DATA:
.....

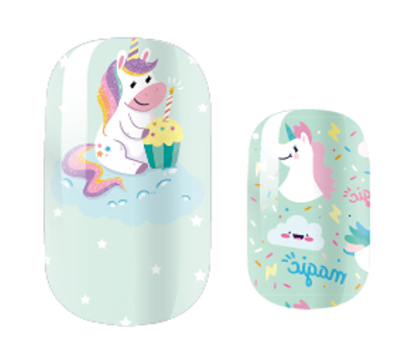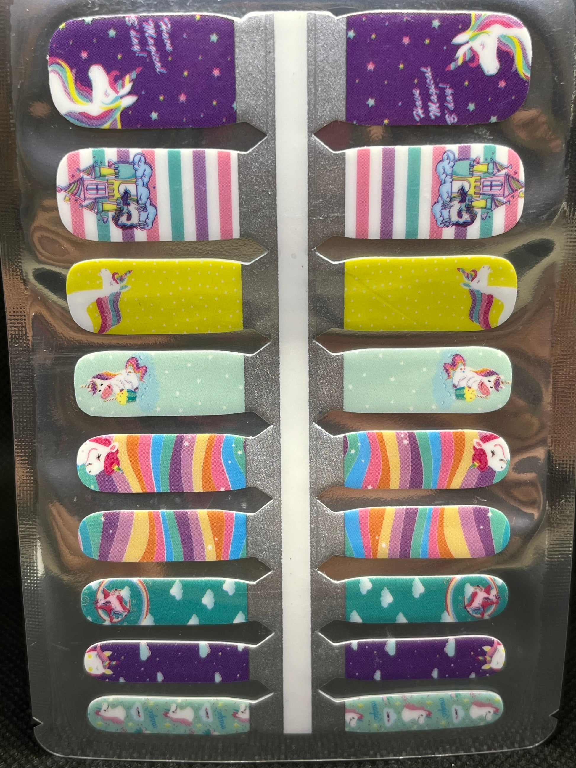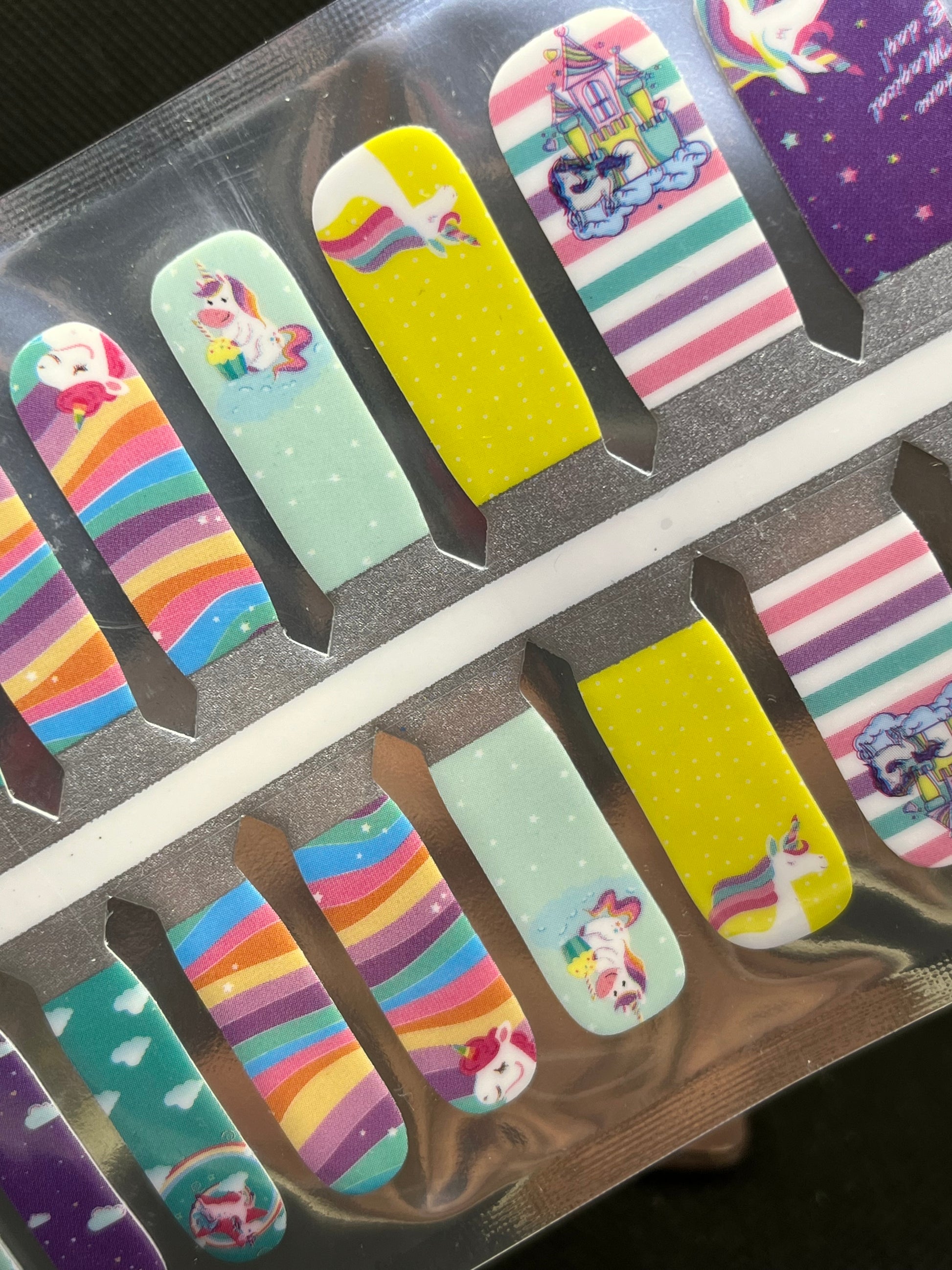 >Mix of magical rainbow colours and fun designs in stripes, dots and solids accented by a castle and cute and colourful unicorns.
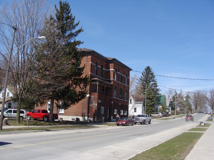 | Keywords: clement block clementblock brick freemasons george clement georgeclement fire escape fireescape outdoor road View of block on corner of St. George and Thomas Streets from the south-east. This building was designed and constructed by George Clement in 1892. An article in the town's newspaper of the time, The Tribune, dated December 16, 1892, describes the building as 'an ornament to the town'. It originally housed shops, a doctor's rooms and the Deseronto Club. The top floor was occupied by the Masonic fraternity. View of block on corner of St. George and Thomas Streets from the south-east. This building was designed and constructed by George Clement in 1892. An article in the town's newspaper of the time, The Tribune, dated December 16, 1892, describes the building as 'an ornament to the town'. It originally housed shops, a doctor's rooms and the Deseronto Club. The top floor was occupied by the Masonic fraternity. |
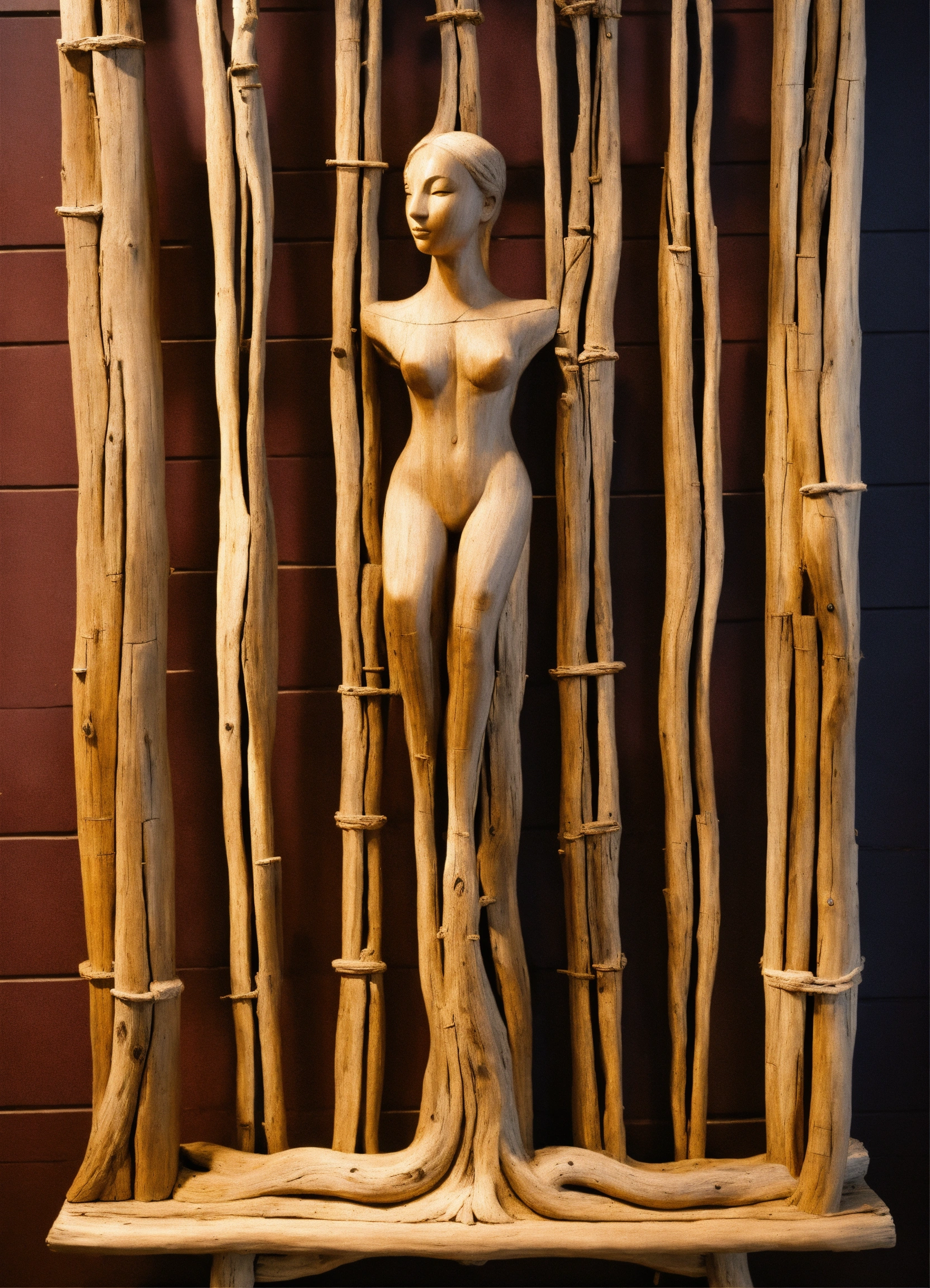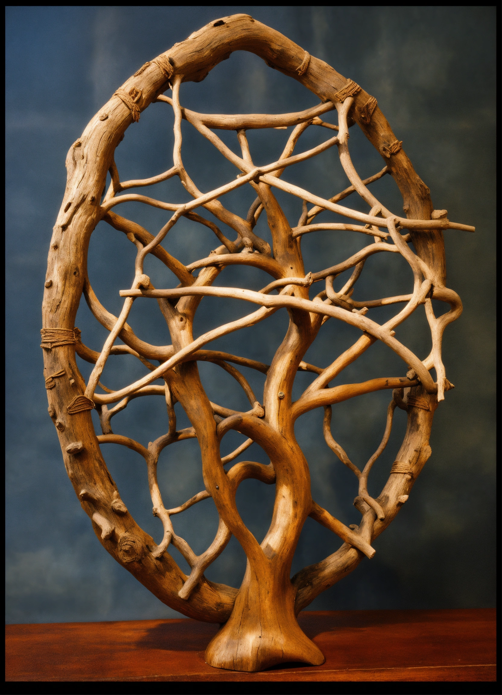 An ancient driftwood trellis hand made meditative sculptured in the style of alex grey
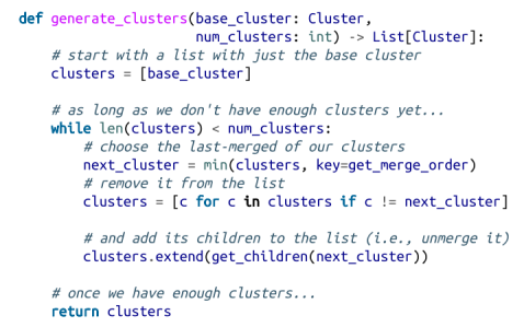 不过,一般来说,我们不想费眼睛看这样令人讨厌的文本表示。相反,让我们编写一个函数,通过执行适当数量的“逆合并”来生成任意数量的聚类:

.....

WHAT YOU HAVE TO DO: Make an exact copy of the lines from the one holding "An ancient driftwood" through the end of the material, both ends included, and keep the pictures out of it.

TASK SOLUTION:
 An ancient driftwood trellis hand made meditative sculptured in the style of alex grey
 不过,一般来说,我们不想费眼睛看这样令人讨厌的文本表示。相反,让我们编写一个函数,通过执行适当数量的“逆合并”来生成任意数量的聚类:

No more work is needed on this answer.